HubCity

Human societies and cities took the turn of a global metropolization. While humans’ futures seem more urban than ever, Africa will become the most crowded continent in the world by 2050, hosting some of the biggest cities in the world.

Digital technologists too, consider cities as an end goal. As a matter of fact, they are experimenting with solutions to embrace the next generation of urban infrastructures on the African continent.

The architect and anthropologist Sename Koffi Agbodjnou proposes to consider "tech-hubs" and other digital third places as virtuous factories of the territory of tomorrow.

Tech hubs Whether they are hackerspaces, FabLabs from the maker movement, incubators for innovative companies and coworking spaces, tech-hubs are indeed asserting themselves as places where you can work and live an experience of peer-to-peer learning, sometimes digital nomadic fashion. These are all tested models that could accompany economic developments in the field, at the same time that breeding its stakeholders in an innovative democratic context.

Located at the crossroads of all these types of innovation spaces, the "WoeLab" model proposed by Sename thus presents itself as a "Space for Technological Democracy" entirely dedicated to positively impacting its neighborhood.

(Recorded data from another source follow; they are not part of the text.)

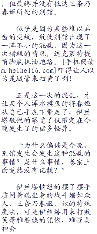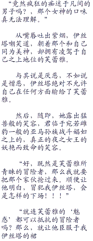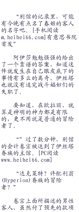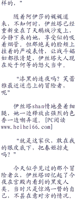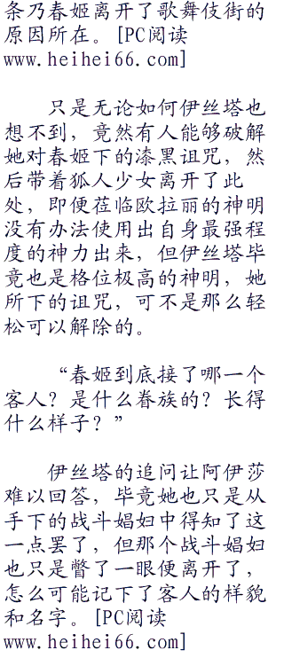 虽然她并不知道伊丝塔为何突然问起三条乃春姬区区一位见习娼妇的情况,也不知道春姬是哪里开了窍,终于开始接客了,但既然是女神的问题,那么阿伊莎也唯有予以明确答复的责任罢了。
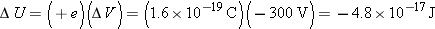 −19J. If an electron moves through a potential difference of one volt, there is a change in the electric potential energy whose
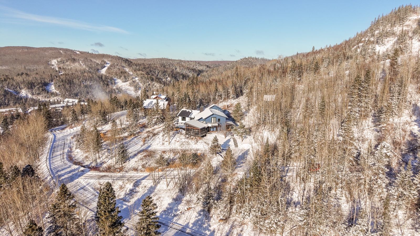 Blue House is ski-in/ski-out to Lutsen Mountains for advanced skiers only. Other skiers will want to walk the short distance to Bridge Run and access the ski hill from down the road.
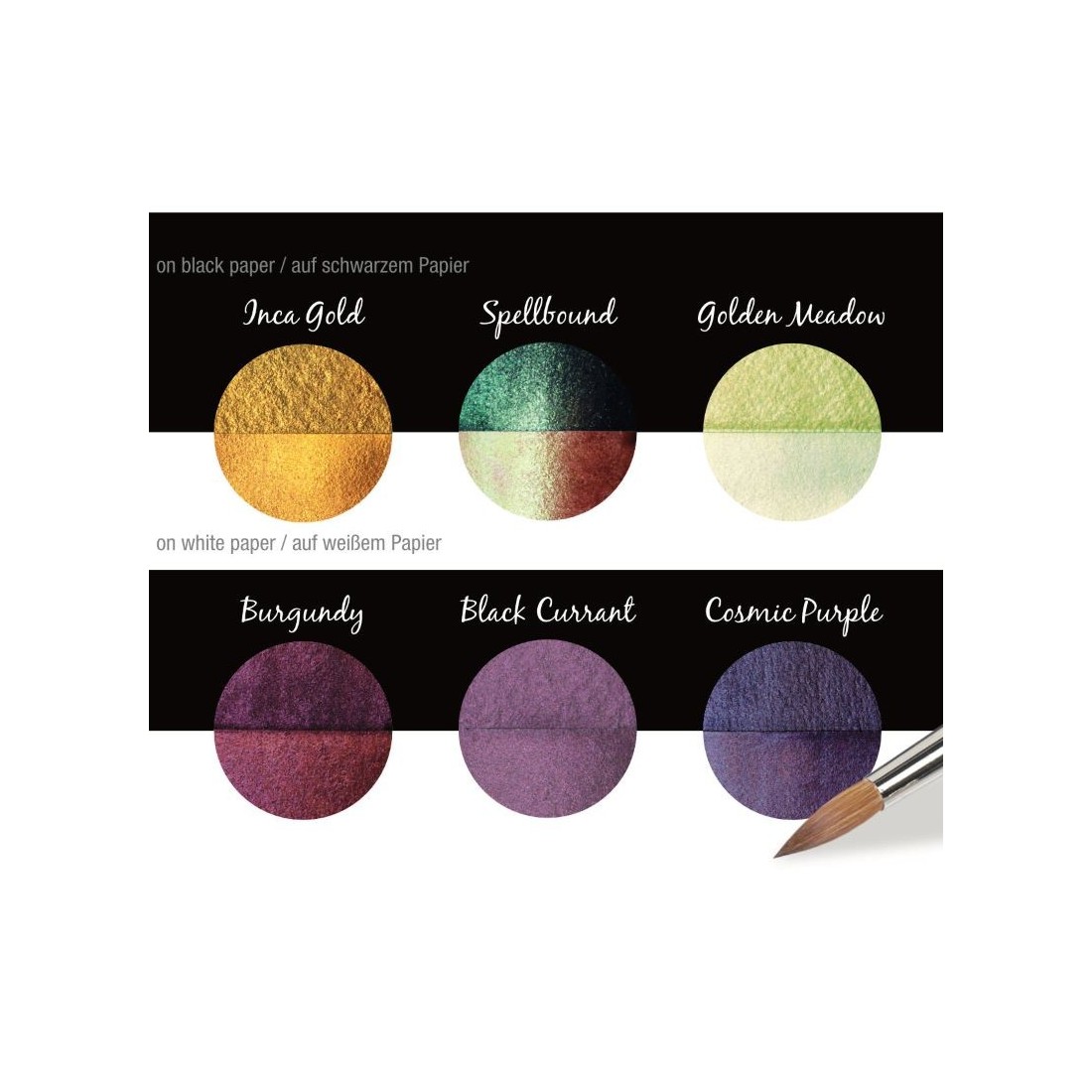 Tämä sarja on ihanteellinen kaikille, jotka haluavat lisätä metallista loistoa, ilmaisevaa syvyyttä ja silmiinpistävää yksityiskohtaa kortille, kutsut, kirjoitusprojektit ja taideteokset. Koordinoitu paletti helpottaa sekä harmonisten mallien ja silmiinpistävien kontrastien luomista.
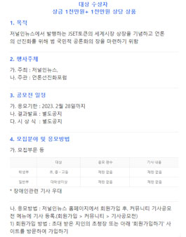 1) 동상이상 수상자에게는 저널인뉴스 인턴기자 자격부여

Sename has been promoting this original approach to African third places since 2012 through an experiment called "HubCity". This entirely self-financed concrete utopia aims to deploy in Lomé, the capital of Togo, a network of grassroots incubators dedicated to launching a series of cohorts of urban innovation startups whose synergy could bring out Smart-districts around WoeLabs. It has become a very well-known initiative worldwide pioneering the reinvention of the concept of Smart-City.